# Canterbury park and Ride - New Dover Road



## 96191 (Sep 1, 2005)

Anyone used this car park overnight? A £2 cost will give you an overnight stop? Can anyone confirm?


----------



## BERTHA (May 21, 2005)

This sounds very good, how far is it from the main attractions?

Regards
H


----------



## rommel (May 10, 2005)

*Canterbury*

If you arrive after six and leave before seven it will cost nothing otherwise it will cost £6 for night and £6 for day , don't be tempted to park right up at the far end as you will find Sainsbury workers will park all around you at 7am with no regard to whether you can get out (some agreement they have with the council)
There is an emptying point at the far end , don't be tempted to use the water here , there is a tap up by the entrance (on the L/H as you come in). and if you like proper beer the Phoenix up the Dover road can supply it.

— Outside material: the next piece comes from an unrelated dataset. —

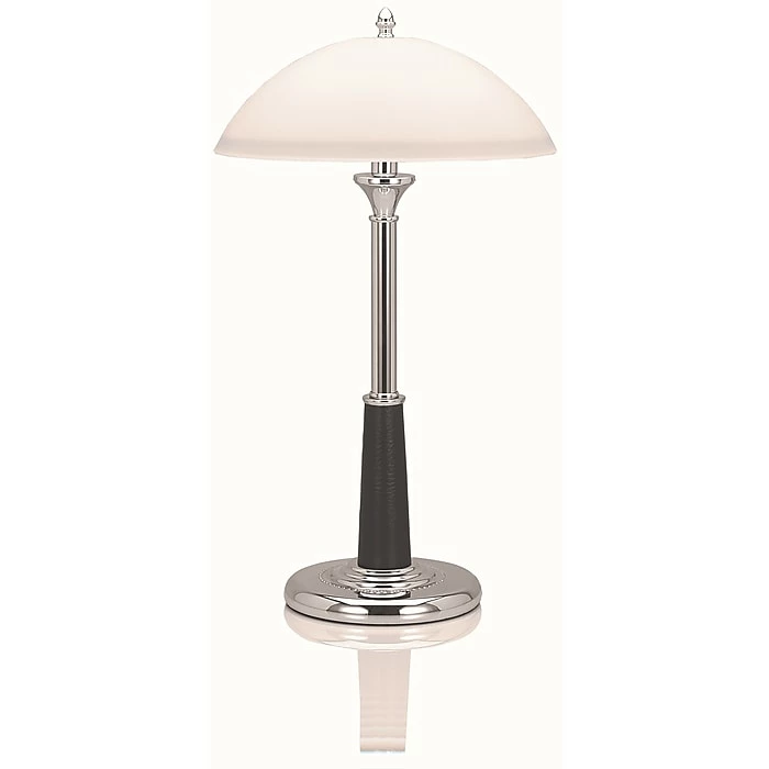 - Comes in a bright chrome finish with a black leatherette accent trim, and a frosted off-white glass shade with finial topper

A nice old boy runs its and when the tap was frozen he let me fill up from the tap in his cabin.
Its only a short walk to the Cathederal and shops.


----------



## rommel (May 10, 2005)

*canterbury*

I should have said it is not park and ride, if you look for park and ride you will be disapointed (unless you are luckier than we were )they all have height barriers, its the coach park , don't take any notice of the "no cars" sign and the complete absence of any other vehicle ( if you arrive after midnight.


----------



## 89349 (May 20, 2005)

I stayed two nights at the New Dover Road motorhome stopover last year and I think Rommel is describing somewhere completely different. 
You go through the automatic barrier into the car park, are given a card by the machine and immediately turn left into a special fenced off motorhome area with around eight generously sized, level parking spaces. There is free water and waste and toilet dumps at one end.
The park and ride bus is about a hundred yards away across the car park and it is a ten minute ride into the town centre. The last bus back is not very late (ten-ish) so check the timetable. All the sights and shops are easily walkable from the bus station.
When you want to leave you put your ticket in the machine by the P&R bus stop and it tells you how much you owe. I payed £2 a night. Then you put your card in the barrier and it lets you out. It's the same system as most city centre car parks, only cheaper.
Enjoy....Hemlock

P.S. It's also convenient for Howlett's Zoo.


----------



## 96191 (Sep 1, 2005)

Thanks Hemlock - I did think that his description was a bit off. My uncle had a few good stop overs here. Good to hear you comments.


----------



## 89090 (May 13, 2005)

I live near Canterbury and can endorse Hemlocks comments.

ken


----------



## Grizzly (May 9, 2005)

Hemlock...will you put this in the Campsite database please. Sounds just like the sort of place we would decide to stay at and then have lost the instructions.

Thanks

G


----------



## Enodreven (Aug 29, 2005)

Hi, from the Canterbury web site the address is New Dover Road CT1 3AD


----------